If you have been following recent XML Technologies blog entries, you will notice we have been talking a lot lately about XML Smart Content, what it is and the benefits it can bring to an organization. These include flexible, dynamic assembly for delivery to different audiences, search optimization to improve customer experience, and improvements for distributed collaboration. Great targets to aim for, but you may ask are we ready to pursue these opportunities? It might help to better understand the technology landscape involved in creating and delivering smart content.

The figure below illustrates the technology landscape for smart content. At the center are fundamental XML technologies for creating modular content, managing it as discrete chunks (with or without a formal content management system), and publishing it in an organized fashion. These are the basic technologies for "one source, one output" applications, sometimes referred to as Singe Source Publishing (SSP) systems.

SCLandscape.jpg

The innermost ring contains capabilities that are needed even when using a dedicated word processor or layout tool, including editing, rendering, and some limited content storage capabilities. In the middle ring are the technologies that enable single-sourcing content components for reuse in multiple outputs. They include a more robust content management environment, often with workflow management tools, as well as multi-channel formatting and delivery capabilities and structured editing tools. The outermost ring includes the technologies for smart content applications, which are described below in more detail.

It is good to note that smart content solutions rely on structured editing, component management, and multi-channel delivery as foundational capabilities, augmented with content enrichment, topic component assembly, and social publishing capabilities across a distributed network. Descriptions of the additional capabilities needed for smart content applications follow.
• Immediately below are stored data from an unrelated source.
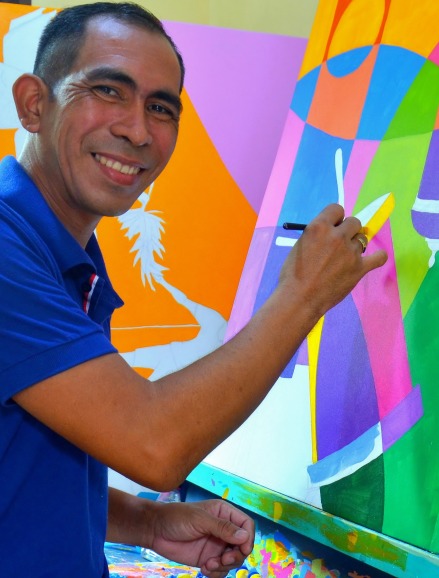Em suas criações, o artista se utiliza do estilo “Pop Art”, com cores vibrantes e a linguagem figurativa, que ele descobriu afinidade ao longo de seus anos de estudos acadêmicos e experimentações artísticas. “Utilizo cores, traços, narrativas e temáticas, que não só nos servem ao deslumbre do olhar como ao orgulho de sermos um povo mestiço, rico em patrimônio material e imaterial, em pluralidade e tantos outros aspectos que fazem de nós, brasileiros, singulares e grandiosos”, destaca.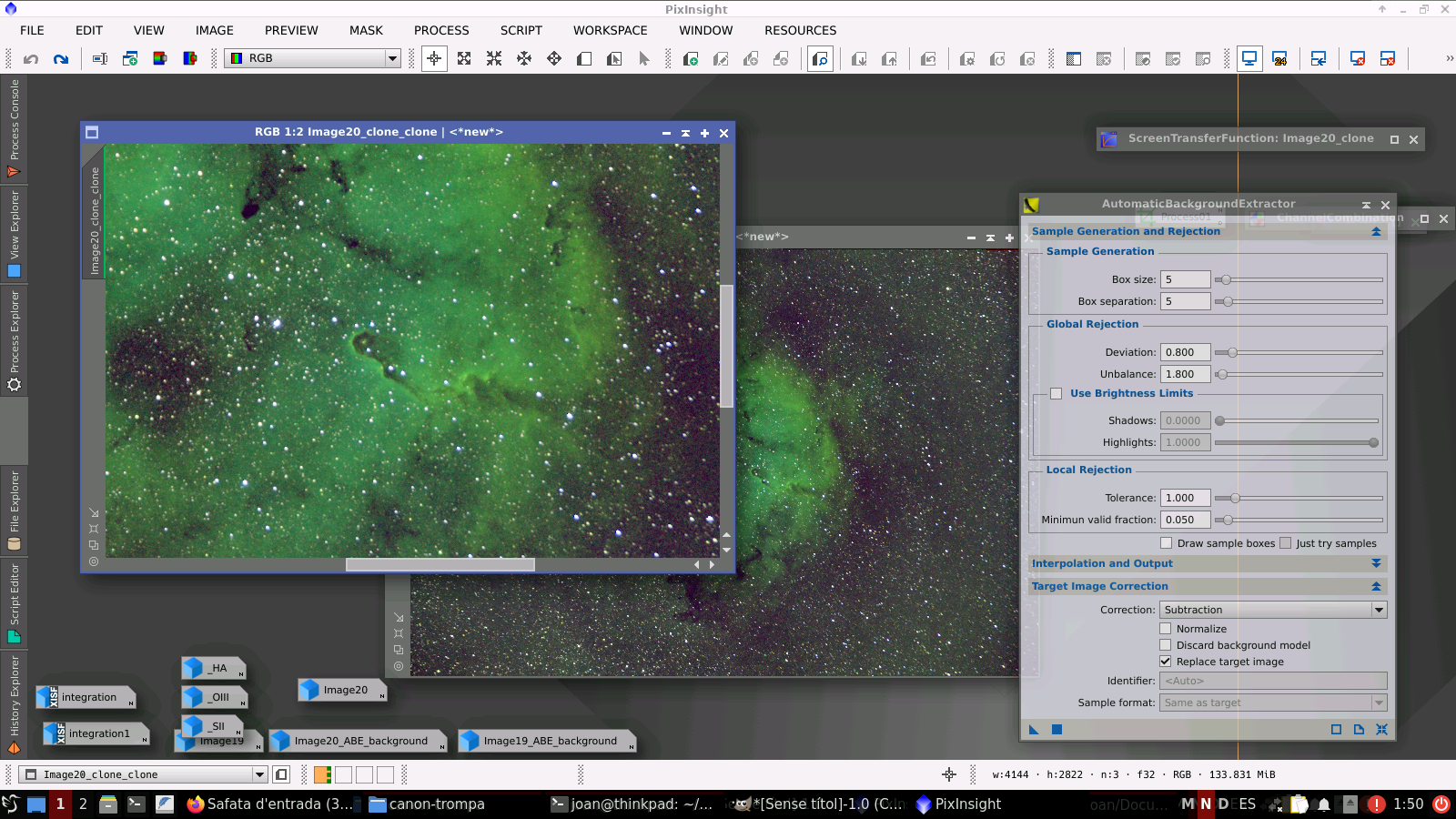 I una de les coses que acostume a fer és passar-li el procés AutomaticBackgroundExtractor (ABE) perquè moltes voltes em fa el que necessite sense complicacions. De totes maneres, part de la imatge la retallaré més endavant. Pots veure la qualitat de la imatge amb color combinada amb ChannelCombination, molt verda :) però amb moltíssims detalls: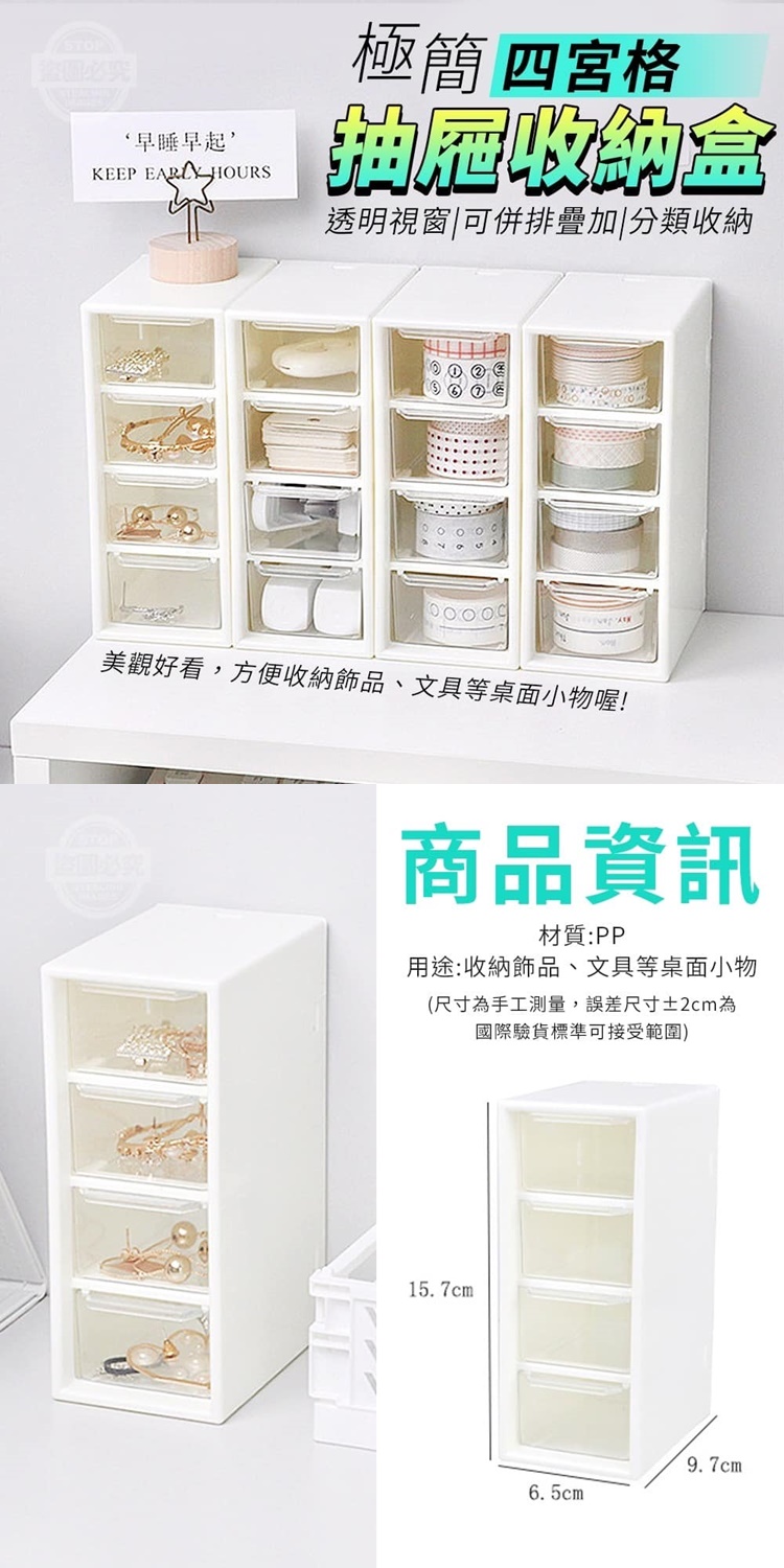 【商品材質】-PP 【商品尺寸】-6.5x9.7x15.7cm (尺寸為手工測量, 誤差尺寸±2cm為國際驗貨標準可接受範圍) 【商品說明】- 極簡就是美~ 四宮格抽屜收納盒 設計簡約,沒有過多複雜的設計 可收納飾品、文具等桌面小物 美觀好看,讓桌面保持清爽整潔 透明視窗設計 內置物品清晰可見 方便你找尋你要的物品 併排疊加 可併排或或疊加使用 收納桌面小物 獨立小抽屜設計 四個小抽屜,方便拉開拿取 分開放置分類收納飾品 喜愛極簡風格的你 這款收納小物絕對要入手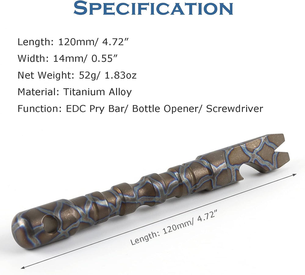 Hamans EDC Stemmeisen aus Titanlegierung, mit Flaschenöffner, Schraubendreher-Funktion, Multifunktio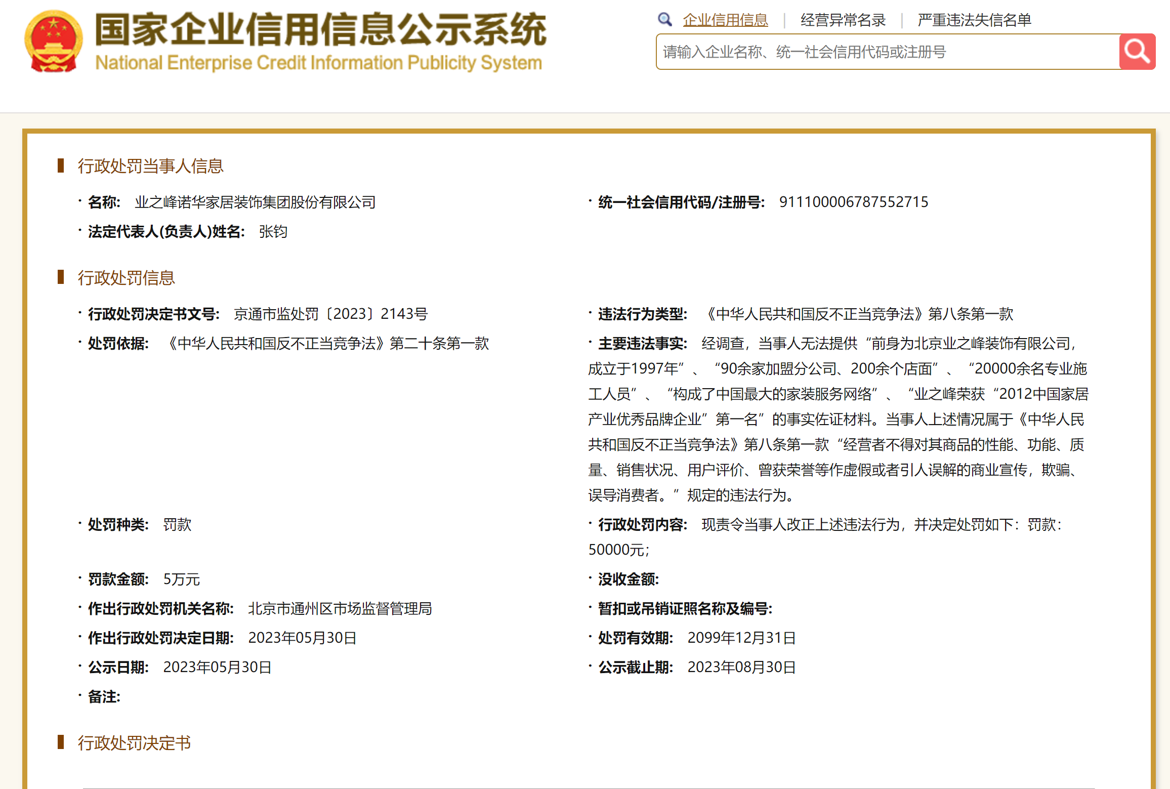 新京报讯(记者张洁)6月5日,新京报记者从国家企业信用信息公示系统获悉,业之峰诺华家居装饰集团股份有限公司因违反反不正当竞争法相关条款,被北京市通州区市场监督管理局罚款5万元。

Content Enrichment / Metadata Management: Once a descriptive metadata taxonomy is created or adopted, its use for content enrichment will depend on tools for analyzing and/or applying the metadata. These can be manual dialogs, automated scripts and crawlers, or a combination of approaches. Automated scripts can be created to interrogate the content to determine what it is about and to extract key information for use as metadata. Automated tools are efficient and scalable, but generally do not apply metadata with the same accuracy as manual processes. Manual processes, while ensuring better enrichment, are labor intensive and not scalable for large volumes of content. A combination of manual and automated processes and tools is the most likely approach in a smart content environment. Taxonomies may be extensible over time and can require administrative tools for editorial control and term management.

Component Discovery / Assembly: Once data has been enriched, tools for searching and selecting content based on the enrichment criteria will enable more precise discovery and access. Search mechanisms can use metadata to improve search results compared to full text searching. Information architects and organizers of content can use smart searching to discover what content exists, and what still needs to be developed to proactively manage and curate the content. These same discovery and searching capabilities can be used to automatically create delivery maps and dynamically assemble content organized using them.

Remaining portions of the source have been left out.